Holy God, we give you thanks and praise for all that You are, for Your loving care for each of us, and Your desire to be in relationship with us. We seek Your wisdom and righteousness to be at work in our daily lives. If we are burdened, bring us relief; if hurting, ease our pain. It is our desire to be thankful in every circumstance. Through Your grace, help us through our times when we resist having gratitude. Keep us centered on You, for in that we shall ever be thankful. In Jesus’ Name, amen.
ADVENT has started!
Week 1: HOPE
Why does the first week of Advent center around hope? Because, just like the prophets of old, we set our expectations on a coming king who will deliver us from darkness, and usher us into a kingdom of light, love and peace. King Jesus is our hope, and as surely as the sun rises, we believe that He will appear!
DAY 1 - 11/29/2020
Scripture to listen to (or read):
Psalm 80:1-7, 17-19
1 Corinthians 1:3-9
This time of year, our culture is bathed in the warm glow of holiday lights. Even the most hardened skeptic’s resolve is tested by a steady stream of nostalgic films, music, meals, and customs, and at the center of this sentimentality lies a baby in a manger. At the mention of this babe it is difficult to think of anything other than the traditional nativity scene, with Mary, Joseph, Wise Men, and a smattering of barnyard animals, all reverently paying tribute to the newborn king. Timeless as this picture may be, it is an incomplete and one-sided understanding of the nature and purpose of Christ’s birth.

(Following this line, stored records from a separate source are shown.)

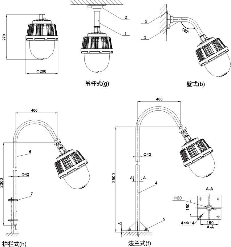 ◆   采用吊頂式、彎桿式、壁掛式、護欄式等多種安裝方式;體積小,重量輕,電纜直接引入方式,安裝接線簡單方便。
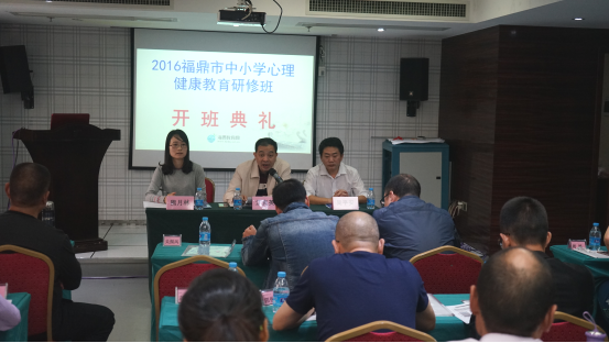 11月21日上午,2016福鼎市中小学心理健康教育研修班在福州光龙大酒店举行开班仪式。福建广播电视大学培训学院副院长江克英、培训科副科长熊月林、福鼎市教师进修学校副校长吴平安以及福鼎市各校负责心理健康教育工作的德育主任或分管领导共计50人出席开班仪式。仪式由熊月林主持。
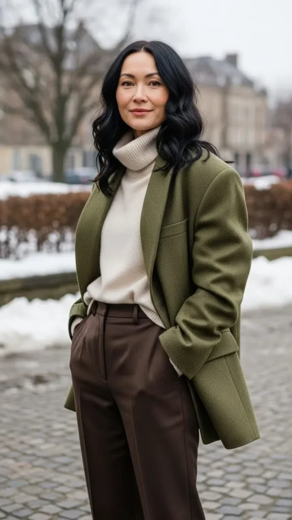 A thin turtleneck adds warmth without changing your shape. Pair it with a relaxed blazer for a clean and polished outfit. Choose a ribbed knit for comfort and pair with straight-leg trousers. Add ankle boots for a balanced look, and slip a thermal layer under the turtleneck on colder days. Thrifted wool blazers are a great low-cost option that still look sharp.
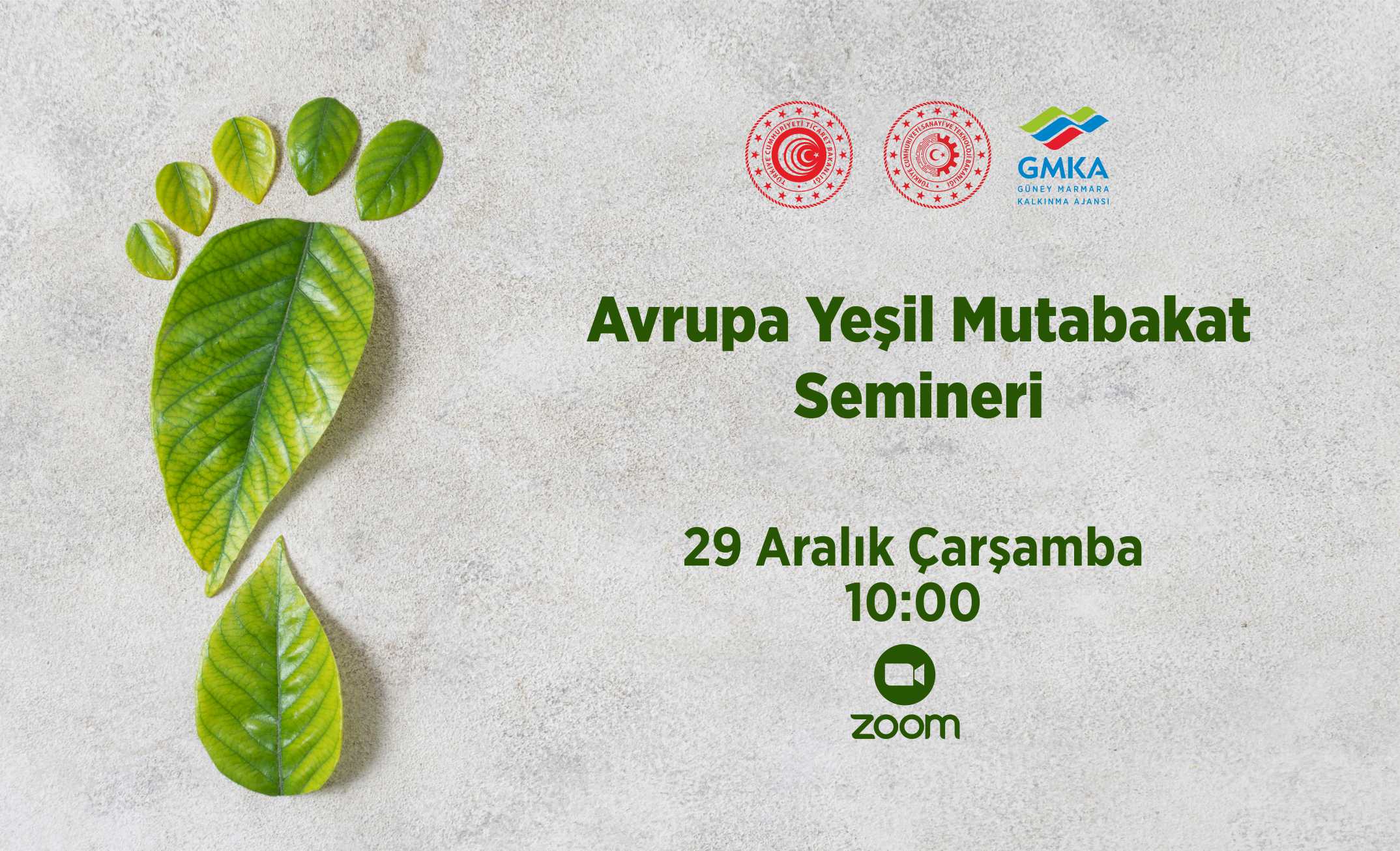 29.12.2021 Çarşamba günü 10.00-12.00 saatleri arasında Ticaret Bakanlığı Uluslararası Anlaşmalar ve Avrupa Birliği Genel Müdürlüğü ile Güney Marmara Kalkınma Ajansı iş birliğinde Tek Pazar, Rekabet ve Teknik Mevzuat Uyum Dairesinden Ticaret Uzmanı Ceren Fırat tarafından “Avrupa Yeşil Mutabakatı” ile ilgili zoom üzerinden sunum gerçekleştirilecektir.

In Advent, we see both the humility and power of God on display. In Christ, we encounter God entering into the chaos and brokenness of our world, taking it upon himself to heal, redeem, and restore. Yet simultaneously, it is a birth that shakes the earth to its very core. The same power that tears the veil in two, splits rocks, and opens tombs is contained in the frailty and vulnerability of an infant child (Mt. 27:51-53).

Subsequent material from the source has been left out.